Thursday, January 23, 2014

Generating server-side tile-maps with Node.JS (Part 1 - Programatically with Canvas)

Part 1 - Programatically with Canvas
Part 2 - Using Mapnik

This will be a series of posts on leveraging Node.js to generate tile-images on server-side that will be displayed on top of Bing Maps (although applicable to any other mapping API).

For those not familiar with it, Node has gained lots of momentum on the web. It provides a simple event oriented, non-blocking architecture on which one can develop fast and scalable applications using Javascript.

It lends itself really well for generating tile-images and is in-fact being used by some large players like Mapbox.

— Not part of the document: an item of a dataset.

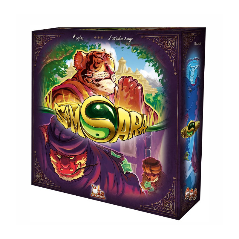 Dans les religions orientales, le Samsāra représente le cycle des renaissances successives. On naît, vit, meurt, puis renaît jusqu’à ce que l’on puisse atteindre le Nirvāna et être libéré des existences successives.Dans le jeu Samsara, votre personnage va vivre de multiples existences, durant lesquelles vous choisirez de mettre l’accent sur différentes étapes : son enfance, son couple, l’expérience de la mort…Ces choix vous permettront d’enrichir son âme, d’améliorer son karma. Par vos actions, vous accumulerez également du bon et du mauvais karma, qui influera sur vos capacités. Si vous êtes le premier à récupérer cinq Amulettes d’Éternité, vous atteindrez le Nirvana et remporterez la partie.Concrètement, Samsara utilise le principe du deck-building, couplé à un système de déplacement de pion. À chaque tour, vous récupérez une carte action, que vous ajoutez à votre main. Ces cartes servent à la fois à jouer des actions (piocher, récupérer d’autres cartes, etc), et à acheter les Amulettes d’Éternité, qui constituent le but du jeu. Certaines actions permettent également de récupérer des cartes bon karma : elles servent de joker pour les achats des Amulettes d’Éternité.Dans Samsara, tout comme dans la vie, il y a souvent plusieurs moyens d’effectuer une action : une bonne et une mauvaise. La bonne est moins efficace, mais ne salit pas votre karma. La mauvaise sera plus simple mais vous obligera à prendre des cartes mauvais karma. Ces cartes sont des malus encombrants, et il est très difficile de s’en débarrasser.Les règles en vidéo:https://youtu.be/MRnWfQAed_s
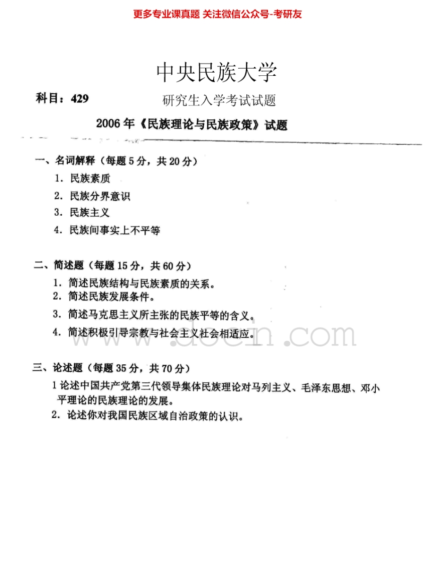 中央民族大学823民族理论与民族政策2005-2006考研真题汇编猴哥6个月前发布关注私信0.51MB2页08758中央民族大学823民族理论与民族政策2005-2006考研真题汇编此内容为免费资源,请登录后查看¥0 登录查看免费资源 第1页 / 共2页 第2页 / 共2页 已完成全部阅读,共2页 © 版权声明文章版权归作者所有,未经允许请勿转载。THE END《中央民族大学》(823)民族理论与民族政策考研资料考研专业课 喜欢就支持一下吧点赞58赞赏 分享QQ空间微博QQ好友海报分享复制链接收藏

On this first post I'm going to generate very simple tiles. I won't fetch data from the database nor do anything too fancy. Each tile will simply consist on a 256x256 png with a border and a label identifying the tile's z/x/y. Conceptually something like this:


I'm going to use an amazing Node module called Canvas which provides the whole HTML5 Canvas API on server-side. My main reason is that it's an API that I know particularly well and I can reuse lots of my existing code.

I'm going to develop on Mac OS X but most of this would be exactly the same on Windows or Linux.

Afterwards, as an extra, I'm also going to provide instructions on how to setup a Linux Virtual Machine in Azure running the resulting node application.